Given material
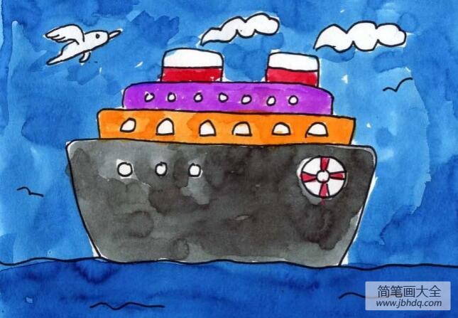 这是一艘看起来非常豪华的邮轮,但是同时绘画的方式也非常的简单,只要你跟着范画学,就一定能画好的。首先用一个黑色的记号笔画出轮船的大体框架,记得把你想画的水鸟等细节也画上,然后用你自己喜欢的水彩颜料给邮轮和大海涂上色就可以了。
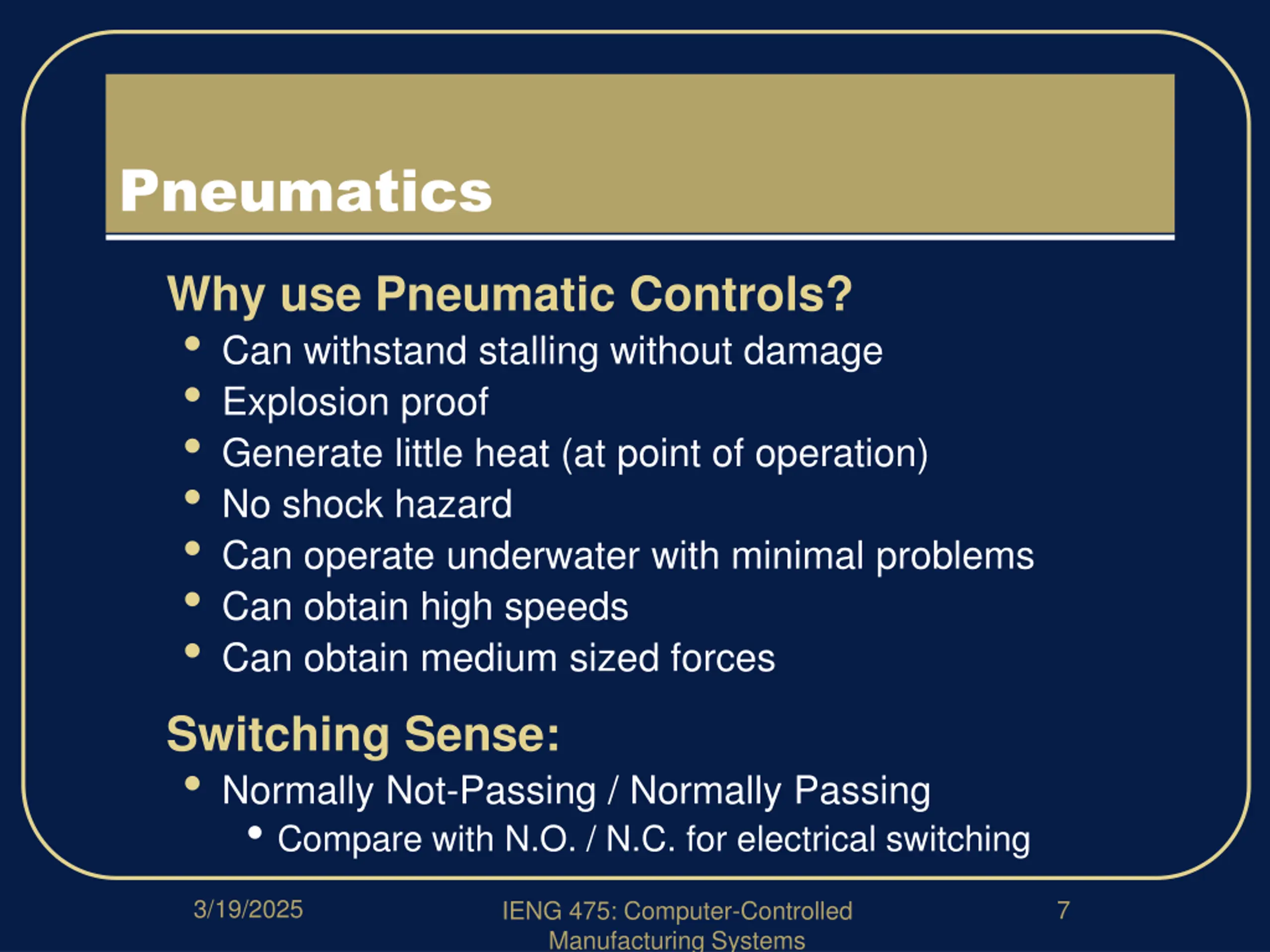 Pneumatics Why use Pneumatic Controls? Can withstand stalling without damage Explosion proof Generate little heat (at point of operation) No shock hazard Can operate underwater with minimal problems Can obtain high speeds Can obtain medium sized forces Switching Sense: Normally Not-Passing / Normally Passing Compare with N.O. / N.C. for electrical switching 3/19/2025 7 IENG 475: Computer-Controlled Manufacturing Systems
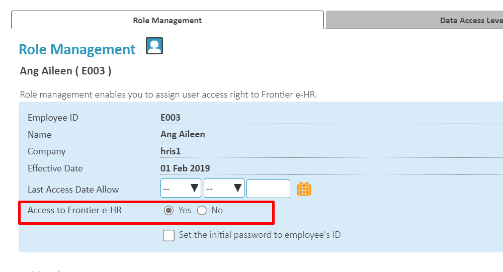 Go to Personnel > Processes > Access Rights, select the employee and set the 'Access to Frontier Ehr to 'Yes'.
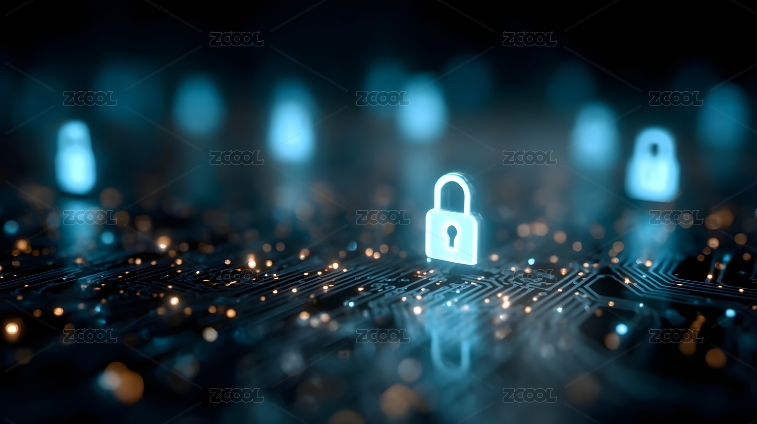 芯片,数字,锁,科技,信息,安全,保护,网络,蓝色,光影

Goal of the exercise
Please reproduce the listing exactly from its opening line through the line that contains "Pneumatics Why use", both included, with all pictures omitted.

Finished task
 这是一艘看起来非常豪华的邮轮,但是同时绘画的方式也非常的简单,只要你跟着范画学,就一定能画好的。首先用一个黑色的记号笔画出轮船的大体框架,记得把你想画的水鸟等细节也画上,然后用你自己喜欢的水彩颜料给邮轮和大海涂上色就可以了。
 Pneumatics Why use Pneumatic Controls? Can withstand stalling without damage Explosion proof Generate little heat (at point of operation) No shock hazard Can operate underwater with minimal problems Can obtain high speeds Can obtain medium sized forces Switching Sense: Normally Not-Passing / Normally Passing Compare with N.O. / N.C. for electrical switching 3/19/2025 7 IENG 475: Computer-Controlled Manufacturing Systems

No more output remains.